Now, what had he been doing to get into such a fix?
The prisoner stood against the wall, white and defiant. He strained at his bonds silently, while his captors watched his futile struggles. There was something terrible and menacing in the quietness with which they gloated—a suggestion of some horror to come. At last he desisted, and burst forth.
"You've got me all right. You did this, Bailey, you —— traitor."
"He's never been a traitor, as far as we know," sneered one of the four. "In fact, I might say he's been strictly on the square with us."
"I didn't think you made war on women, either, Marsh Tremper, but it seems you're everything from a dog-thief down. Why couldn't you fight me alone, in the daylight, like a man?"
"You don't wait till a rattler's coiled before you stamp his head off," said the former speaker. "It's either you or us, and I reckon it's you."
So these were the Tremper boys, eh? The worst desperadoes in the Southwest; and Bailey was their ally. The watcher eyed them, mildly curious, and it seemed to him that they were as bad a quartette as rumour had painted—bad, even, for this country of bad men. The sheriff was a fool for getting mixed up with such people. Shorty knew enough to mind his own business, anyway, if others didn't. He was a peaceful man, and didn't intend to get mixed up with outlaws. His mellow meditations were interrupted by the hoarse speech of the sheriff, who had broken down into his rage again, and struggled madly while words ran from him.

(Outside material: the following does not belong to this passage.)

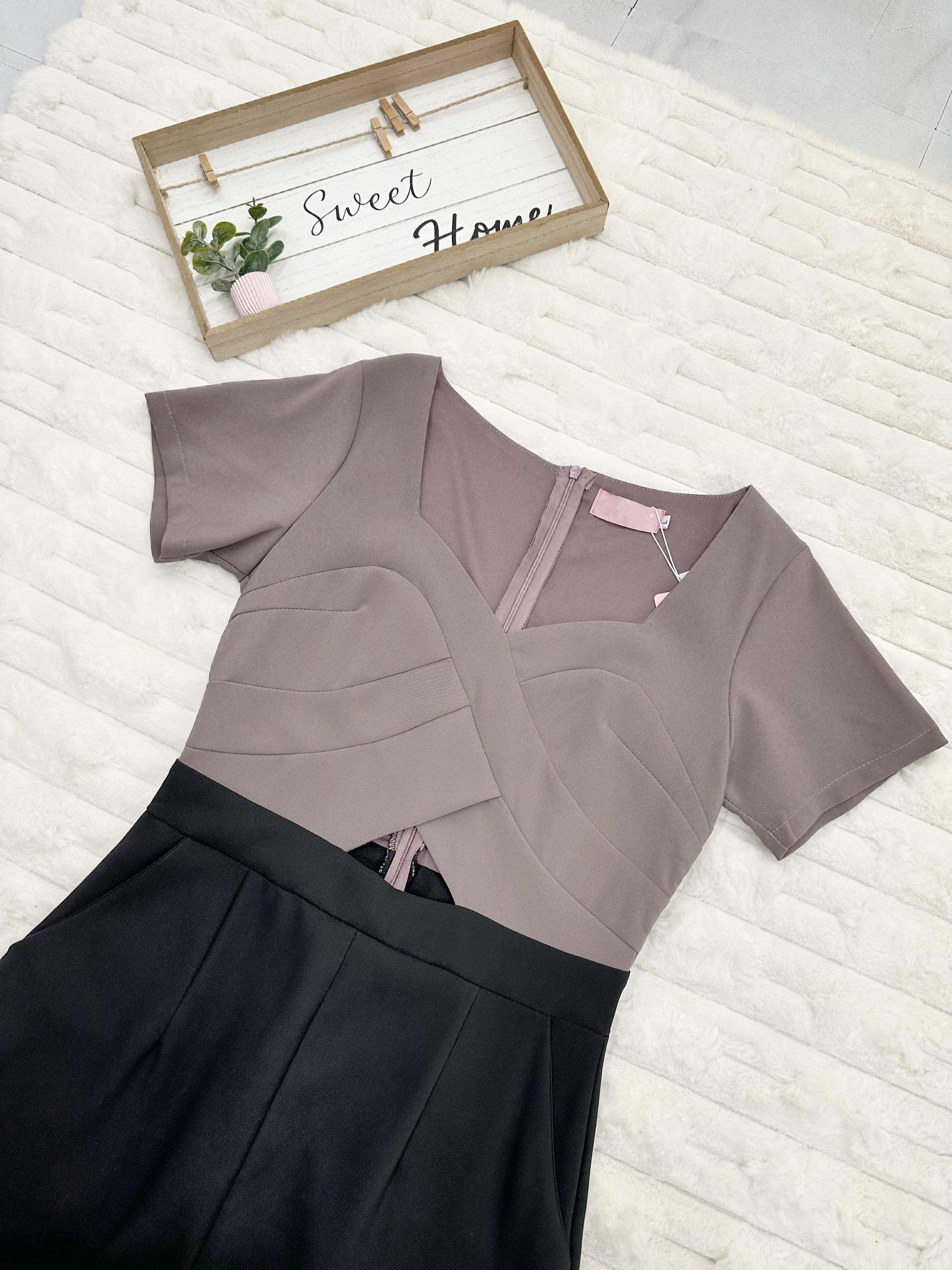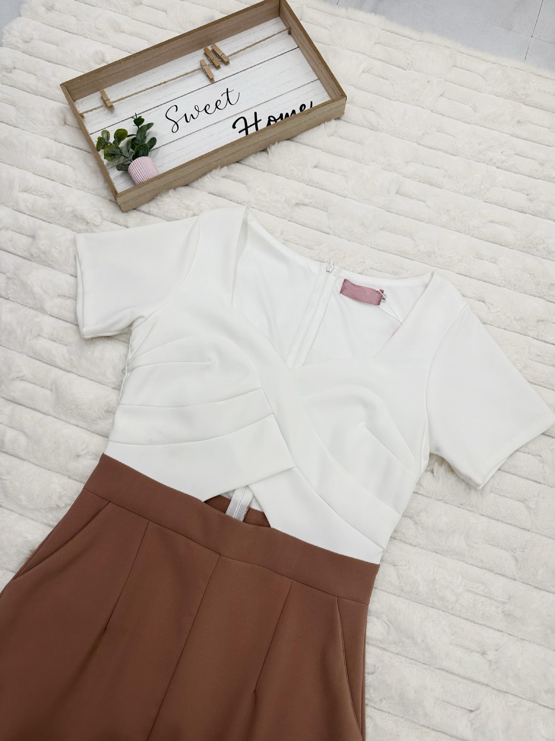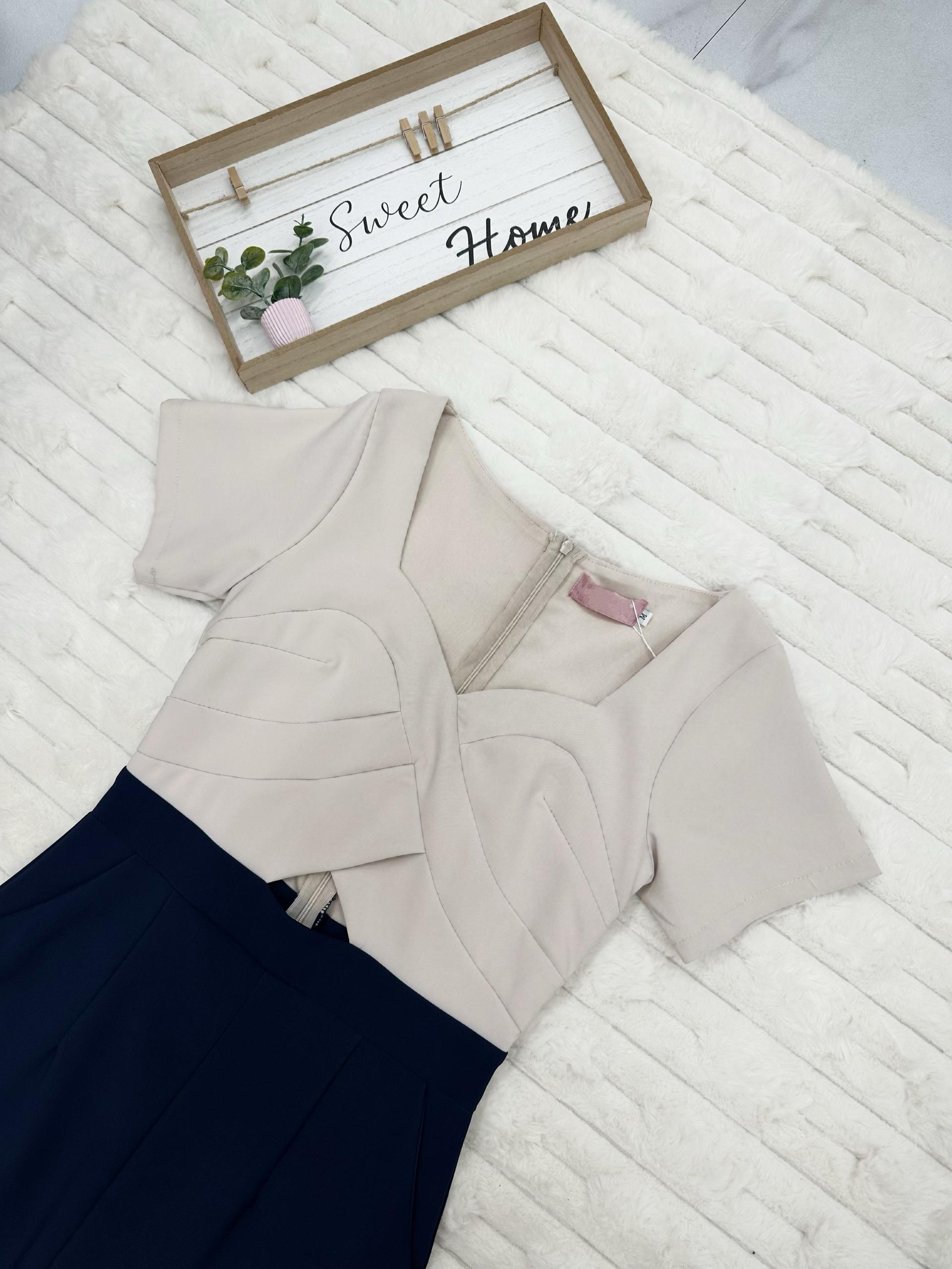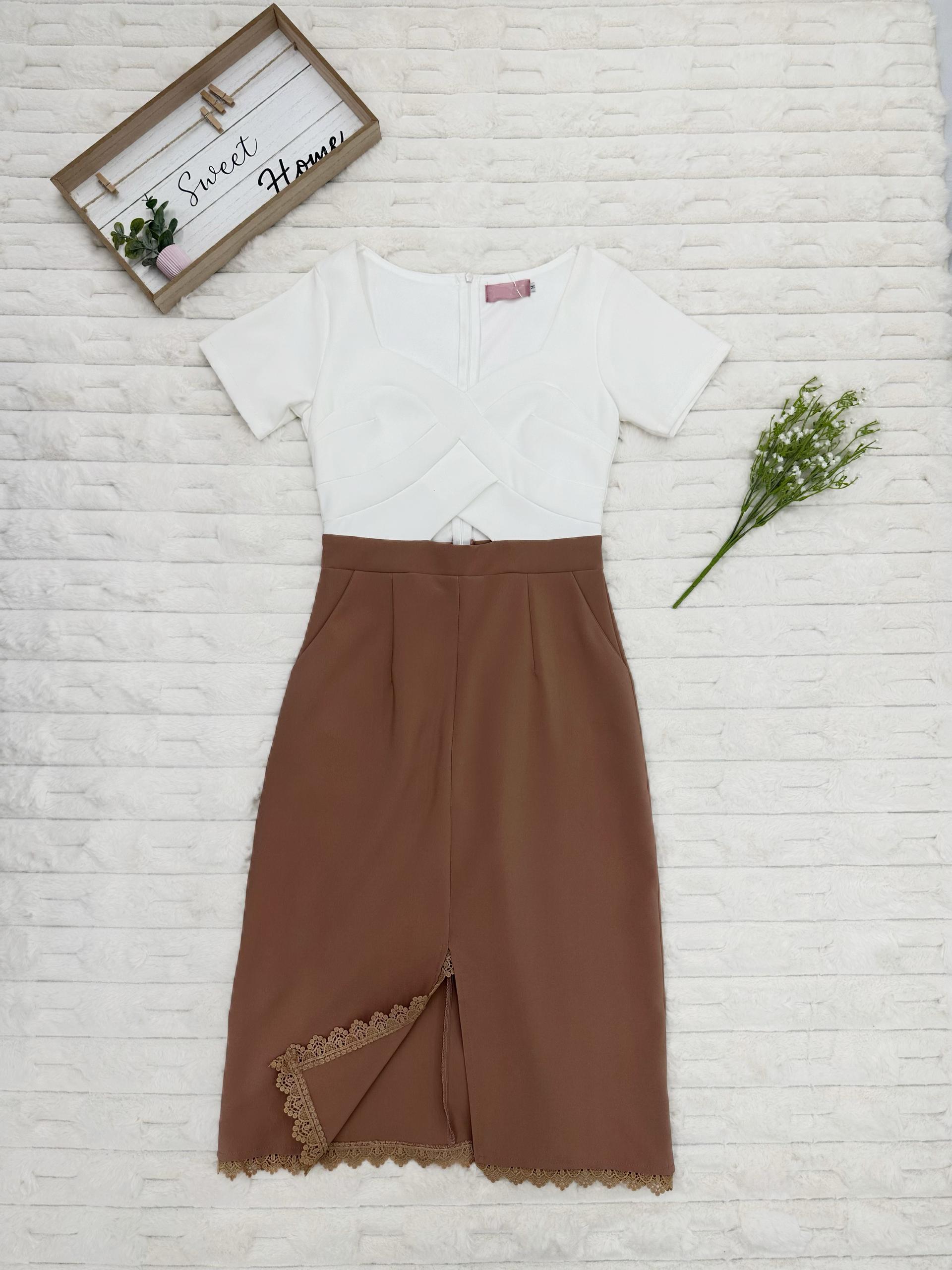 Two-Tone Cutout Lace Trim with Pockets Midi Dress
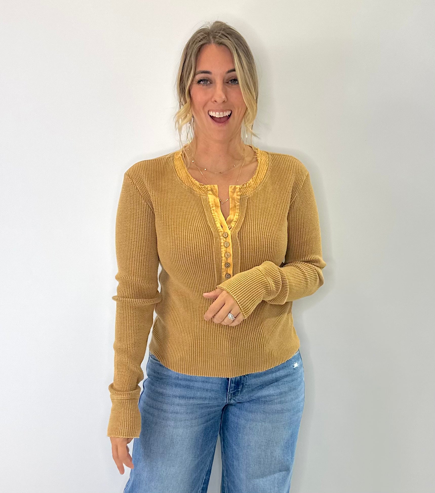 Stay Warm in effortless style with the Golden Brew Thermal Top. This elevated basic blends cozy comfort with refined detail - featuring a soft waffle textured knit, button front neckline, and fitted sleeves with thumb holes for that extra cozy touch. The rich coffee-yellow hue brings a warm glow to cool weather looks, making it easy to pair with denim, leggings or layered under jackets and shackets. Whether lounging at home or headed out for a coffee run, this thermal is the perfect mix of comfort and sophistication.

"Let me go! —— you, let me free. I want to fight the coward that struck my wife. You've killed her. Who was it? Let me get at him."
Shorty stiffened as though a douche of ice-water had struck him. "Killed her! Struck his wife!" My God! Not that sweet creature of his dreams who had talked and smiled at him without noting his deformity—
An awful anger rose in him and he moved out into the light.